During the month under review, Cameroonian cocoa beans represented the highest share of the deliveries with 47% or 33,990 tonnes. The share of cocoa beans from Côte d’Ivoire in the physical deliveries in May 2021 stood at 28% or 20,330 tonnes, while 22% or 15,570 tonnes of the deliveries came from Nigeria. The remaining share (3% of the deliveries or 2,340 tonnes) originated from other cocoa origins.

Origin Differentials

As seen in Figure 7 and Figure 8, origin differentials on prices of the six-month forward cocoa contract in Europe and the U.S. for Ghana, Côte d’Ivoire, Ecuador and Nigeria continued to decline in May as compared to their levels recorded at the beginning of the 2020/21 cocoa year.

In Europe, the differential for Ghanaian cocoa stood at US$442 per tonne in May 2021, 34% lower compared to US$672 per tonne recorded in October 2020. Similarly, the origin differential was discounted by 52% from US$527 to US$254 per tonne for Ivorian cocoa beans.

A 66% reduction from US$390 to US$133 per tonne was recorded for the Nigerian cocoa country differential, while Ecuador’s differential dwindled by 9% from US$472 to US$430 per tonne.

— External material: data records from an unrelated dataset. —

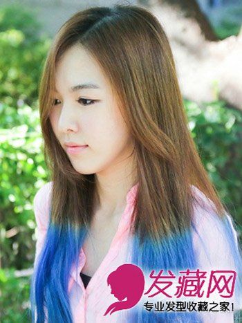 搭配浅棕色与海蓝色的双色挑染,时尚个性的染发很有减龄的效果。
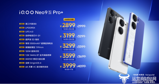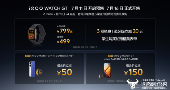 iQOO Neo9S Pro+共有Buff蓝、星曜白和格斗黑三种配色,提供12GB+256GB、12GB+512GB、16GB+256GB、16GB+512GB和16GB+1TB存储组合可选,到手价2899元起;iQOO WATCH GT eSIM版售价799元起,蓝牙版499元,7月11日—7月22日下单蓝牙版立减20元,到手价仅需479元; iQOO Pad2 Pro到手价 3299元起;iQOO TWS 1i售价 99元,与iQOO Neo9S Pro+组合购买可享至高40元优惠,到手仅需59元。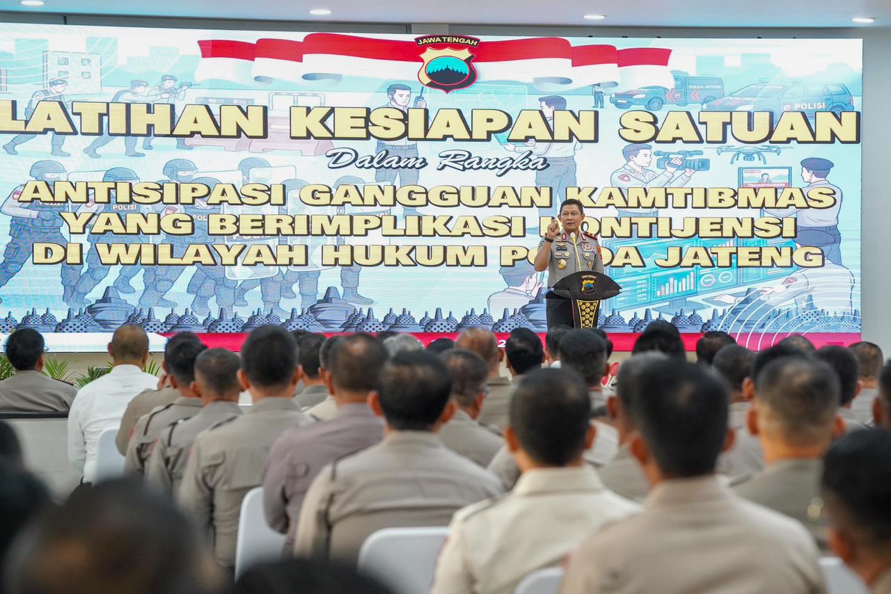Polda Jateng&Kota Semarang | Menjelang peringatan Hari Buruh Internasional (May Day), Polda Jawa Tengah memperkuat kesiapan personel melalui Latihan Kesiapan Satuan yang digelar di Gedung Borobudur, Senin (13/4/2026). Bukan sekadar latihan rutin, kegiatan ini menjadi upaya serius untuk memastikan bahwa setiap anggota Polri hadir di tengah masyarakat, khususnya para buruh yang akan menyampaikan aspirasinya, dengan pendekatan yang humanis, profesional, dan terukur.

Turning to the U.S. market, cocoa beans from Ghana recorded a differential of US$514 per tonne in May 2021 against US$614 per tonne during October 2020. Over the same period, the premium applied to Ivorian cocoa beans plummeted by 21% from US$481 to US$380 per tonne. Premiums received for Ecuadorian beans in the U.S. dropped by 19% from US$231 to US$189 per tonne, while a 23% reduction from US$407 to US$315 per tonne was seen in the origin differential for Nigeria.

Production And Grindings

At the end of May 2021, cumulative arrivals of cocoa beans for the 2020/21 cocoa season in Côte d’Ivoire continued to beat all records. Indeed, as at 20 June 2021, cumulative arrivals at Ivorian ports were seen at 2.057 million tonnes, up by 6.3% compared to 1.936 million tonnes recorded a year earlier. Furthermore, cocoa processors in Côte d’Ivoire were reported to have ground 367,000 tonnes of cocoa beans at the end of May; representing a 2.7% drop compared to 377,000 tonnes processed over the corresponding period of the previous cocoa year.

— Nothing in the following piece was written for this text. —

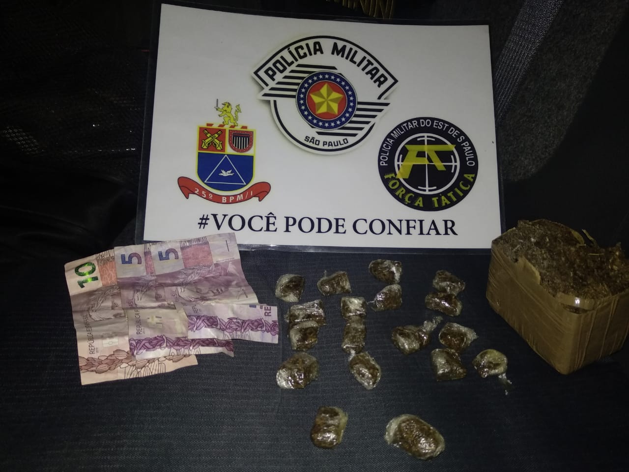 Segundo a PM, ação foi por volta das 22h, quando a equipe se deparou com o homem que, a notar a aproximação policial, dispensou algo. Ele foi abordado e na busca pessoal os policiais localizaram R$ 20. Ao verificar o que havia sido dispensado, foram encontradas três porções de maconha prontas para venda. (Continua após a publicidade...)

The revised forecasts for the 2020/21 cocoa season published by the ICCO Secretariat in its latest issue of the Quarterly Bulletin of Cocoa Statistics suggest a production surplus of 165,000 tonnes. Increases in production and grindings are expected at 6.3% to 5.024 million tonnes and at 3.0% to 4.809 million tonnes, respectively.

Production is projected to increase by almost 9% to 3.871 million tonnes in Africa and by 2.2% to 278,000 tonnes in Asia and Oceania. A slight reduction of 1.7% to 875,000 tonnes is forecast for the Americas. Grindings are expected to expand to 4.809 million tonnes, up by 138,000 tonnes, representing a 3.0% increase compared to the revised estimate of 4.671 million tonnes for 2019/20.

It is anticipated that processing activities will grow by 5.4% to 1.156 million tonnes in Asia and Oceania, while a growth of 2.4% to 1.019 million tonnes is projected in Africa. In the Americas, processing activities are forecast to expand by 7.1% to 946,000 tonnes whereas a 0.5% drop to 1.688 million tonnes is envisaged in grindings activities for Europe compared to the level attained in the same period of the previous season.